- Born: 21 October 1941 Wimbledon, London, England
- Died: 26 July 2022 (aged 80) Lyon, France
- Occupation: Writer
- Writing career
- Subject: Wine
- Website: www.clive-coates.com

= Clive Coates =

British wine writer (1941–2022)

Clive Coates (21 October 1941 – 26 July 2022) was a British wine writer and Master of Wine, best known for his books about the wines of Burgundy.

== Biography ==
Born in Wimbledon, London on 21 October 1941, Coates worked for The Wine Society in Stevenage in the late 1960s and early 1970s. In 1975 he founded the award-winning magazine The Vine, a monthly fine wine journal that ran for 241 issues until ill-health in 2005 forced him to stop. He also wrote a number of classic books about the classic wine regions of France in this time. Despite describing himself as semi retired, he published his latest book, The Wines of Burgundy in March 2008.

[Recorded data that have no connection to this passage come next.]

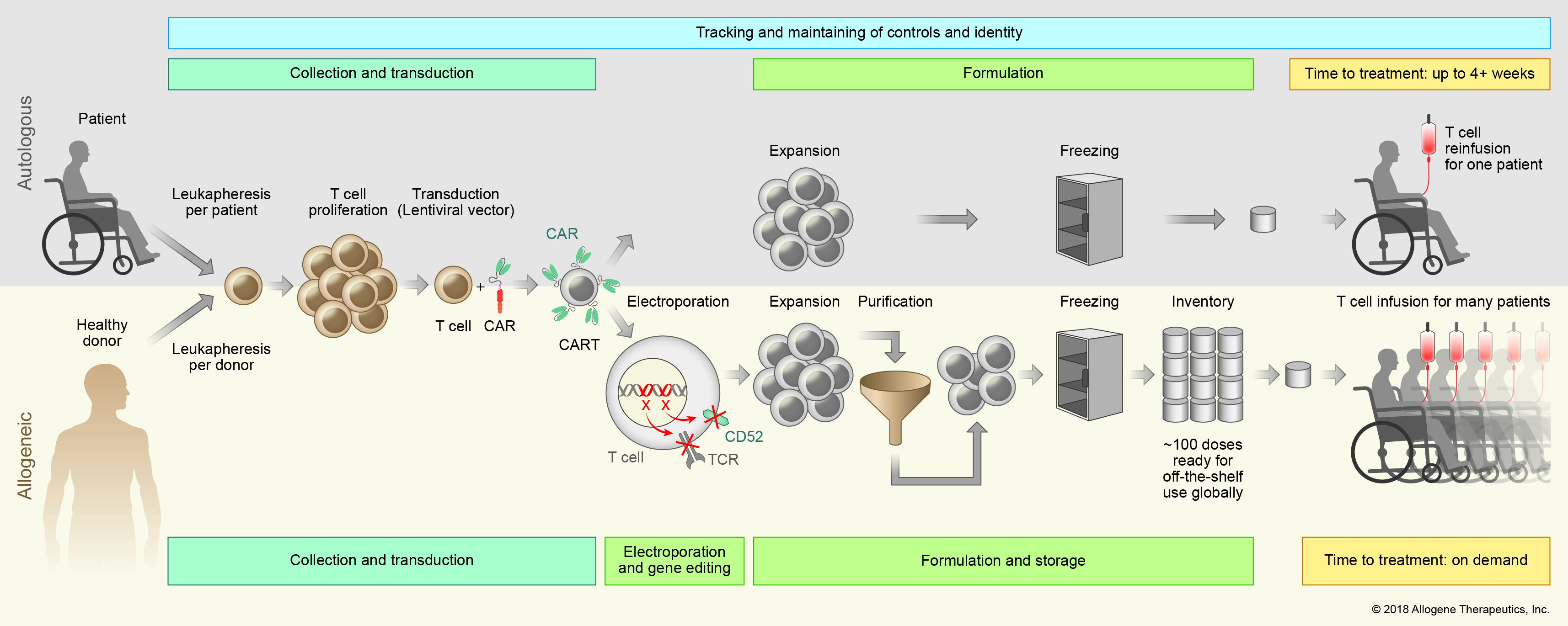 The process for manufacturing our off-the-shelf GMAR TTM therapy first involves harvesting healthy, selected, screened and tested T cells from healthy donors. This means that a larger portion of eligible patients, including those who are critically ill and have T cells that are difficult to harvest or expand, can potentially receive treatment, and no eligible patient will have to undergo leukapheresis (a laboratory procedure in which a patient’s white blood cells are separated and the remaining blood cells and plasma are returned to the patient).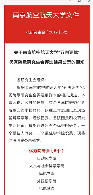 本着公正、公开的原则,综合各学院研究生会所提交的申报材料,综合工作表现以及现场答辩投票等,经校团委、各院团委和校研究生会评审,最终评选出五个优秀院研会,澳门永利yl6776在本次评比中获“优秀院研会”荣誉称号。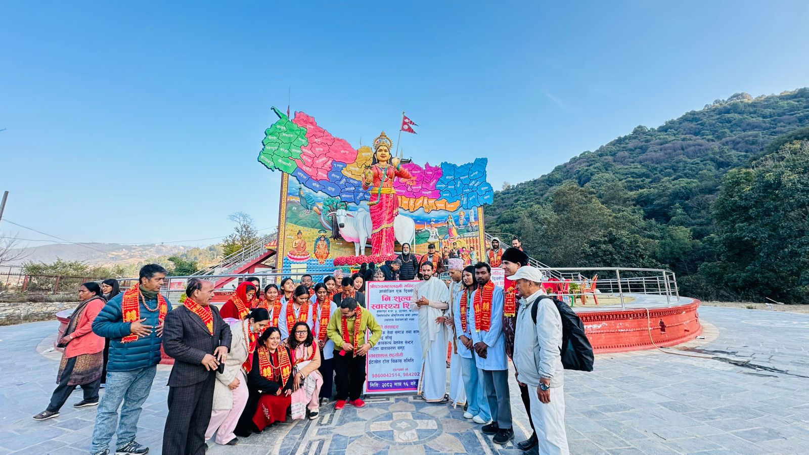 रेणु खरेलले संयोजन गर्नुभएको शिविर सञ्चालनमा सहयोग गर्ने सबैलाई श्रीपञ्चमहालक्ष्मी मन्दिर श्रीपीठका उत्तराधिकारी स्वामी श्रीवासुदेव प्रपन्नाचार्य तथा श्रीमुक्तिनाथ संस्कृत गुरुकुलम् वेदपाठशालाका श्रीदामोदर गुरुले बिदाइ गर्नुभएको थियो । नेपाल आमा मन्दिर परिसरमा श्रीमुक्तिनाथ बाबा अस्पताल (स्वास्थ्य सेवाश्रम) समेत निर्माणाधीन रहेको छ ।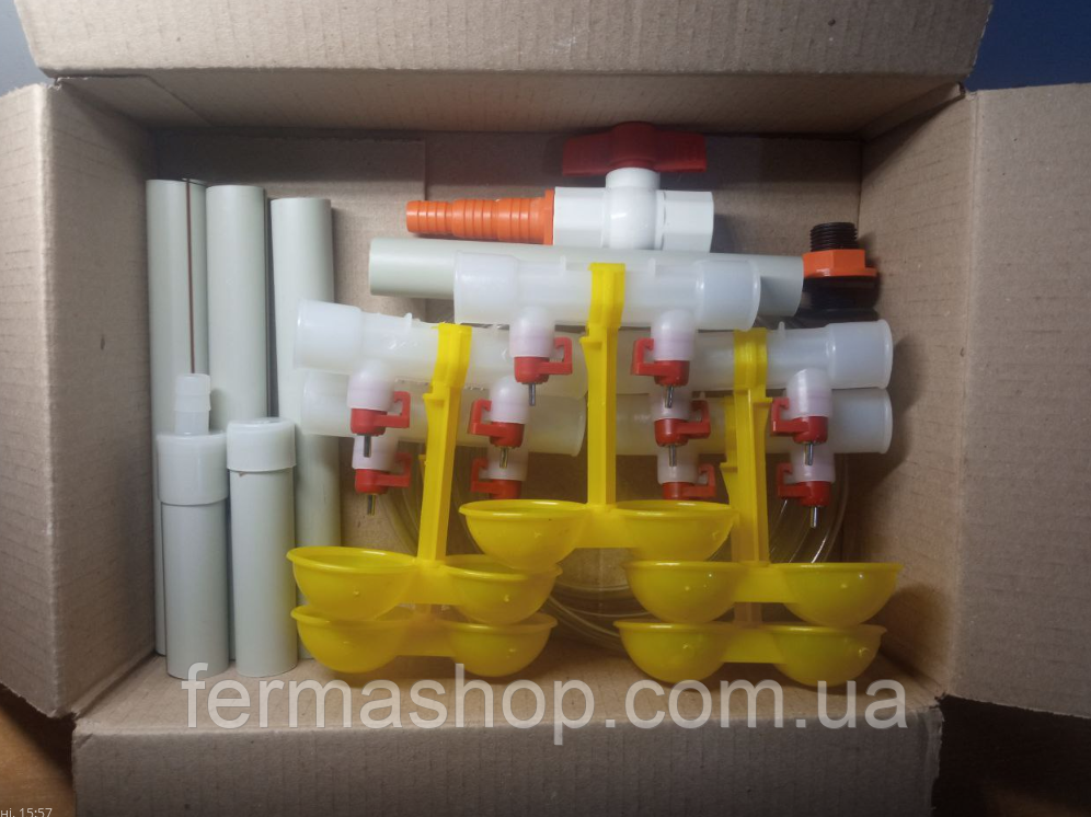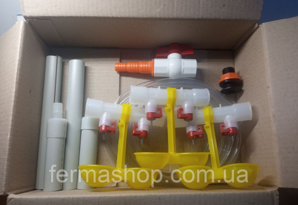 Также Вы можете приобрести поилки двойные на круглую трубу 25 мм, а также готовые наборы-конструкторы, которые включают в себя всё, что необходимо, чтобы собрать систему поения!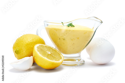 Tasty yellow hollandaise sauce in glass bowl gravy boat isolated on white background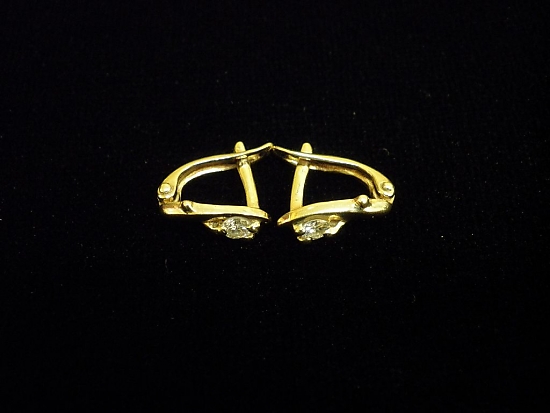 Златни обеци с бели камъни,английско закопчаване

Coates lived in Saint-Bonnet-de-Vieille-Vigne, between the Côte Chalonnaise and the Mâconnais. He died after a long illness at a hospital in Lyon, on 26 July 2022, at the age of 80.

== Bibliography ==
He is best known for Côte d'Or: A Celebration of the Great Wines of Burgundy, a survey of the most famous wine-producing region of Burgundy covering more than 1000 pages, published in 1997. It includes technical information about the vineyards of the Côte-d'Or, details about wine making techniques employed by hundreds of different producers and wine ratings of thousands of wines. The new book from 2008 is effectively a revision of this one, but expanded to include all major wine districts of Burgundy, and without the in-depth profile of a selected number of producers in the 1997 book.

Other recent books include The Wines of Bordeaux (2004) and The Great Wines of France (2005).